Nov 30, 2022
As more customers continue to scale with Amazon Web Services (AWS), the use of security and analytic solutions becomes more necessary and prevalent. These solutions generate large amounts of valuable data, however, the data can only be valuable if stored and used correctly. For this reason, many organizations are quickly creating large security data lakes to aggregate, manage, analyze, and search through all this data – giving security teams greater visibility and comprehensive security across their organizations.
As an AWS Software Partner, Orca Security integrates with Amazon Security Lake to supply cloud security data and telemetry to Amazon Security Lake with support for the Open Cybersecurity Schema Framework. With the Orca Unified Data Model and agentless technology to cover all of your AWS assets, data, identities, and workloads, organizations can supercharge their cloud security data lakes by feeding Orca’s context-rich and comprehensive cloud security data to Amazon Security Lake.
Today, AWS announced their newest service offering, Amazon Security Lake. Amazon Security Lake automatically centralizes an organization’s security data from cloud, on-premises, and custom sources into a customer owned purpose-built data lake.
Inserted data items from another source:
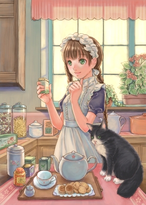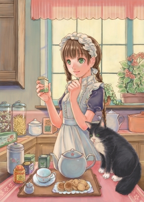 光を強調したいところに、黄色に近いオレンジ色で、軽く色を置いていきます。 窓や、髪の毛、入れ物など。
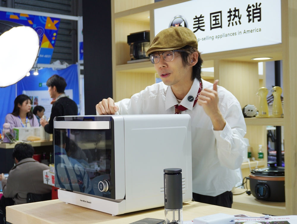 现场注意到,汉美驰Hamilton Beach品牌在本次展会的陈列设计划分了五大产品系列区域:咖啡系列产品专区、牛扒煎烤空炸产品专区、创新户外电器装备场景专区、家居清洁及衣物护理专区、料理榨汁制冰专区、炖煮系列产品专区等;在展位的功能区域的划分方面也设有:中央厨房美食演示区、中央产品墙洽谈区、专属直播机位区等。
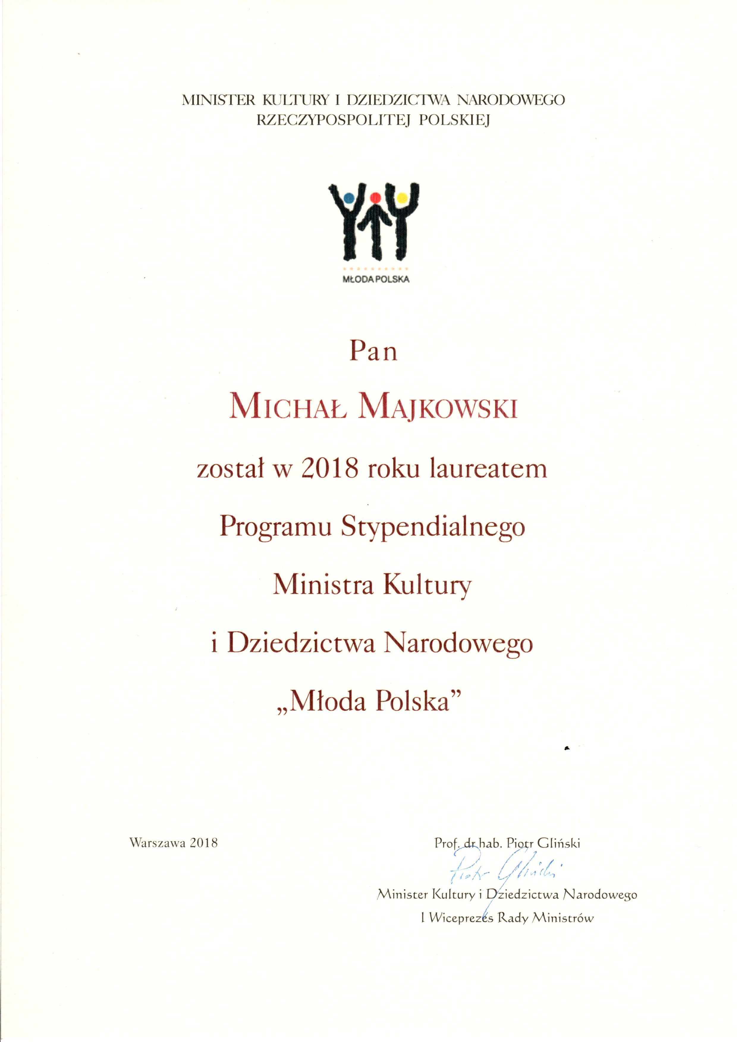 Michał Majkowski uczeń z klasy harfy p. Agnieszki Greli – Fedkowicz został laureatem programu stypendialnego Ministerstwa Kultury i Dziedzictwa Narodowego „Młoda Polska”. Program przeznaczony jest dla młodych artystów, którzy wykazali się wybitnymi osiągnięciami.
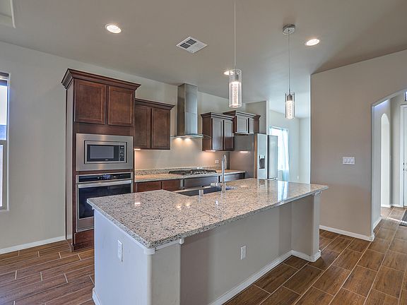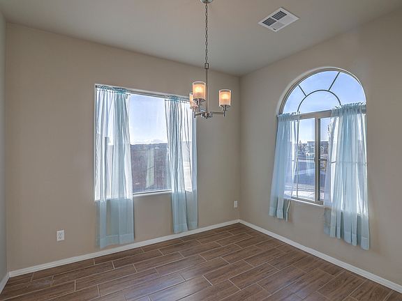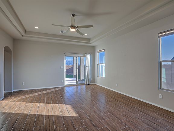 This open floor plan home is just under two years old. The kitchen has granite countertops, stainless steel appliances and the kitchen island is perfect for family get togethers. The primary bedroom is situated toward the back of the house where the views of the Sandia Mountains can be seen. Walking into the primary bathroom you are met with a double sink vanity with granite countertops and the walk in shower has a tile surround. Mountain views can be enjoyed in the backyard. The large corner lot and 3 car garage are great attributes to this wonderful property.
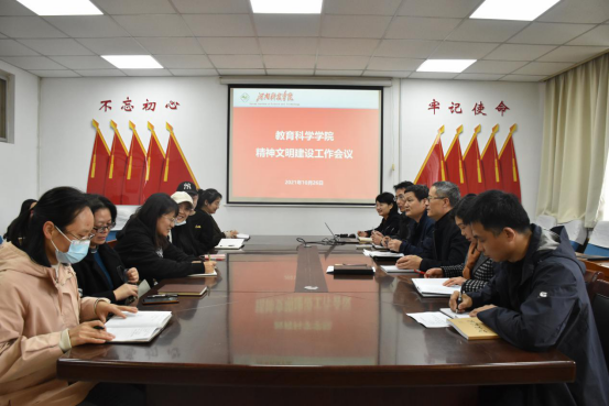 于零号楼十楼会议室召开精神文明建设工作专题会议,学院党政班子成员及全体教职工参加会议。会议由院党委书记张涛主持。
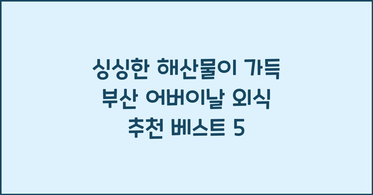 부산은 바다와 인접해 있어 신선한 해산물의 천국이라고 해도 과언이 아닙니다. 다가오는 어버이날, 부모님께 특별한 외식 경험을 선사하고 싶다면 ‘싱싱한 해산물이 가득! 부산 어버이날 외식 추천 Top 5’를 알아보세요. 가족의 소중한 시간을 함께 나누며, 맛과 즐거움을 동시에 선사할 수 있습니다. 부모님을 위한 특별한 요리와 서비스가 가득한 이들 레스토랑은, 맛뿐만 아니라 정성과 추억이 담긴 공간이기도 합니다.
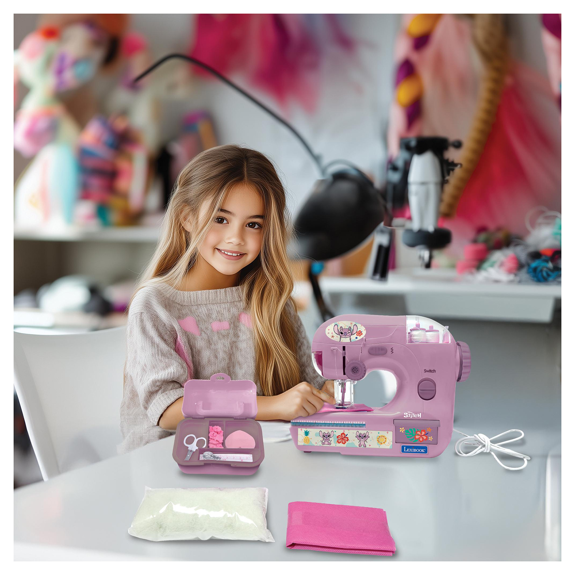 Tento roztomilý šijací stroj so zabudovanou žiarovkou umožňuje deťom vyskúšať si, aké je to šiť oblečenie pre bábiky alebo pre seba. Ovládanie a nastavenie stroja je jednoduché, pričom sa ovláda pomocou pedála, tak ako ten od mamičky. Súčasťou balenia je šijacia sada uložená v škatuľke, ktorá obsahuje nožnice, gombíky, kúsok látky na precvičovanie, cievky nití, svinovací meter, navliekáč ihiel a hubku. Stroj má tiež plastový ochranný kryt, takže je šitie pre deti bezpečné. Stačí navliecť niť, zmerať látku a začať šiť!

Security Lake is one of the many solutions that now supports the Open Cybersecurity Schema Framework (OCSF), an open industry standard, making it easier to normalize and combine security data from AWS and dozens of enterprise security data sources. Amazon Security Lake reduces the complexity and costs for customers to make their security solutions data accessible to address a variety of security use cases such as threat detection, investigation, and incident response. Amazon Security Lake helps organizations aggregate, manage, and derive value from log and event data in the cloud and on-premises to give security teams greater visibility across their organizations.
Customers that have Amazon Security Lake configured can send Orca Security data in OCSF format to Amazon Security Lake. Amazon Security Lake helps customers optimize security log data retention by optimizing the partitioning of data to improve performance and reduce costs.
Now, analysts and engineers can easily build and use a centralized security data lake to improve the protection of workloads, applications, and data.
Orca Cloud Detection and Response (CDR) analyzes real-time cloud events and behaviors, providing 24×7 monitoring of cloud provider logs and threat intelligence feeds. By uniquely combining this information with Orca’s insights into existing risks found in cloud workloads and configurations, and the location of the company’s most critical assets, Orca quickly recognizes which anomalies indicate malicious intent and how dangerous they could potentially be.
Creating and pushing those contextual alerts to the Amazon Security Lake Open Cybersecurity Schema Framework (OCSF) will provide the Security Operations Center (SOC) and Incident Response (IR) teams with contextualized data on potentially malicious events; enabling security teams to rapidly accelerate investigation, triage, and response to cloud threats.